Après le vaccin contre le cancer du col de l’utérus (Gardasil®) dont la mise sur le marché européen a été autorisée en 2006 _nous y reviendrons plus tard_, le New England Journal of Medicine révèle que les hommes qui désireront savoir s’ils sont exposés plus que la moyenne au cancer de la prostate.

En faisant une simple prise de sang, les hommes inquiets seront fixés de manière plus ou moins fiable.

La méthode encore expérimentale pourrait être commercialisée prochainement. Les scientifiques ont récemment découvert que le cancer de la prostate est le résultat de seize mutations génétiques intervenant sur les chromosomes 8 et 17. Ces deux chromosomes semblent être ceux qui renferment les codes génétiques liés à ce cancer.

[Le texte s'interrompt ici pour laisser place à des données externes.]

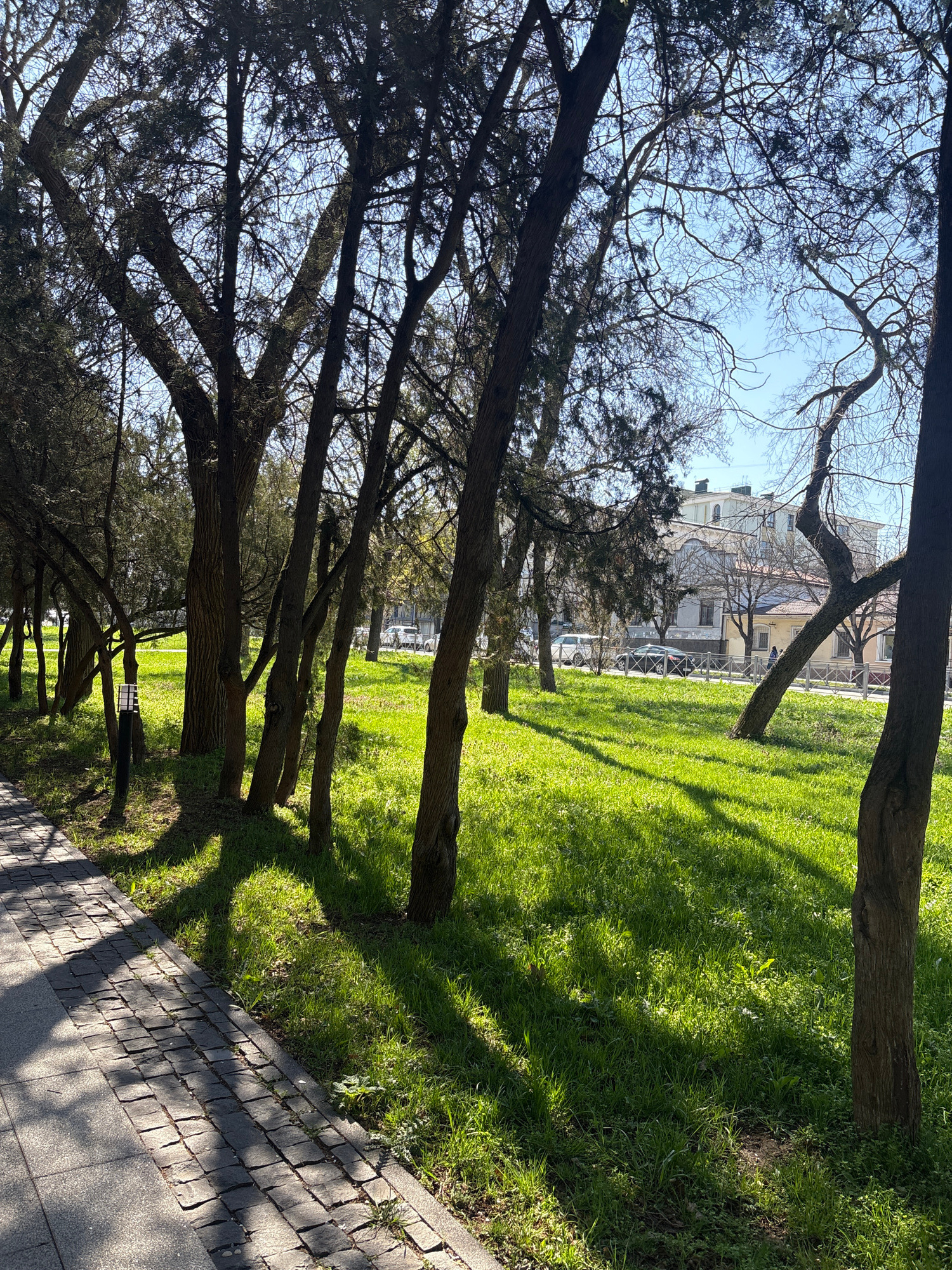 The image shows a park in Simferopol, Ukraine. A row of trees lines a paved walkway, casting shadows on the path and the adjacent green grass. In the background, there are buildings, cars, and possibl…read more
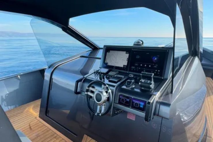 La strumentazione di navigazione, tipicamente basata su plotter multifunzione di grande formato, pilota automatico, log/eco/GPS integrati e videocamere di controllo, è disposta su una plancia di chiara ispirazione automotive, come mostrano molte foto: volante sportivo, sedute regolabili a sospensione, pulsantiere retroilluminate e componentistica in acciaio inox satinato o carbonio a vista. Completano il quadro connnettività Wi-Fi di bordo e predisposizione per sistemi di entertainment streaming.
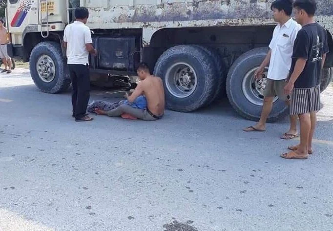 Cú va chạm mạnh khiến, người phụ nữ bị cuốn vào gầm xe ben tử vong tại chỗ. Hay tin mẹ bị tai nạn, người con trai đến hiện trường, ôm thi thể mẹ gào khóc thảm thiết.
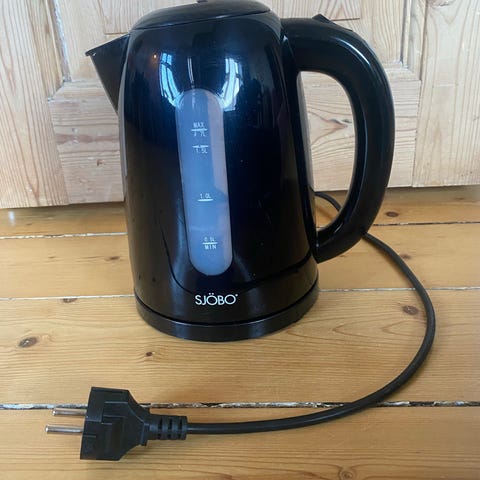 Sjöbo elkedel fejlkøb Harald Nyborg 59 kr. med en kapacitet på 1,5 liter i sort plast. og står på en rund sokkel med centerkontakt. Den er egnet til opvarmning af vand til f.eks. te, kaffe og madlavning i hjemmet eller på kontoret.
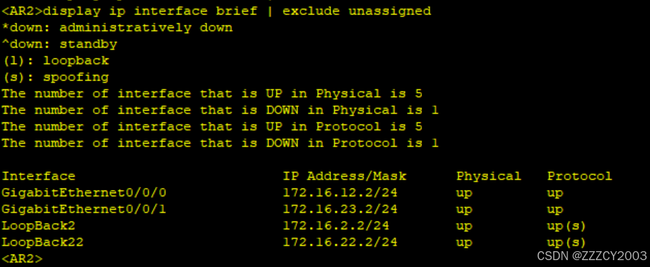 展开代码<AR2>display ip interface brief | exclude unassigned
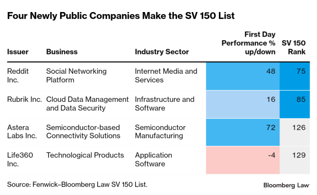 In other analysis articles covering the results of the 2025 Fenwick–Bloomberg Law SV 150 List:
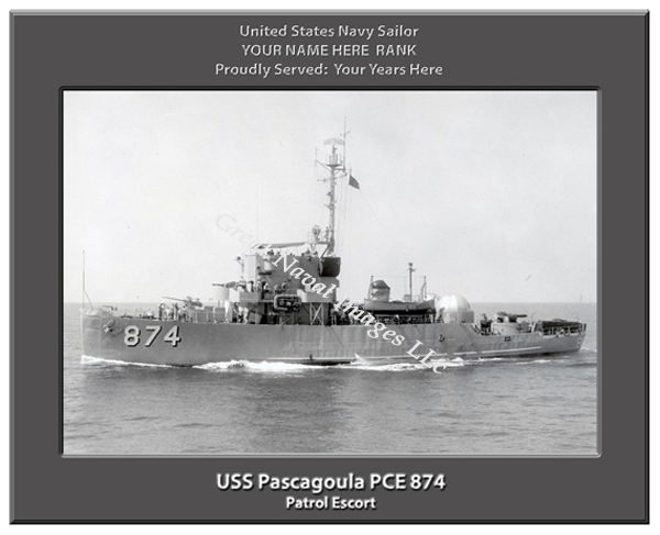 We PERSONALIZE your print of the USS Pascagoula PCE 874 with your name, rank and years served and there is NO ADDITIONAL CHARGE for this option. After you place your order, you can simply email us or indicate in the notes section of your payment what you would like printed. For example:

Sur l’année 2006, 60.000 cancers de la prostate ont été diagnostiqués en France. Leur nombre aurait doublé en 5 ans. Mais ne nous inquiétons pas, cette augmentation impressionnante vient surtout de l’amélioration des techniques de dépistage. (source)

 

Si l’on y regarde de plus prêt, de plus en plus de progrès sont faits en matière de cancérologie. Le développement du Gardasil® en est la preuve irréfutable. Chaque année dans le monde, près de 260.000 femmes décèdent des suites de cette maladie dont 1.000 en France. 

Mieux encore. Le site doctissmo révèle, prudemment, qu’un vaccin contre le cancer serait envisageable pour 2010… c'est-à-dire demain. Après quinze années d’une recherche acharnée, souvent difficile, les scientifiques seraient sur le point de trouver ce vaccin attendu de toute la planète, vaccin qui serait très certainement mis sur le marché à des prix inabordables.

Comment fonctionnerait ce type de traitement  préventif ? Le principe serait tout bonnement de demander, en la stimulant, une réponse de la tumeur. De cette manière, notre système immunitaire pourrait reconnaître le danger et ainsi détruire la tumeur.

Ces traitements sont pour l’instant au stade clinique. Il faudra quelques années encore, après approbation des autorités compétentes, pour les voir arriver sur le marché.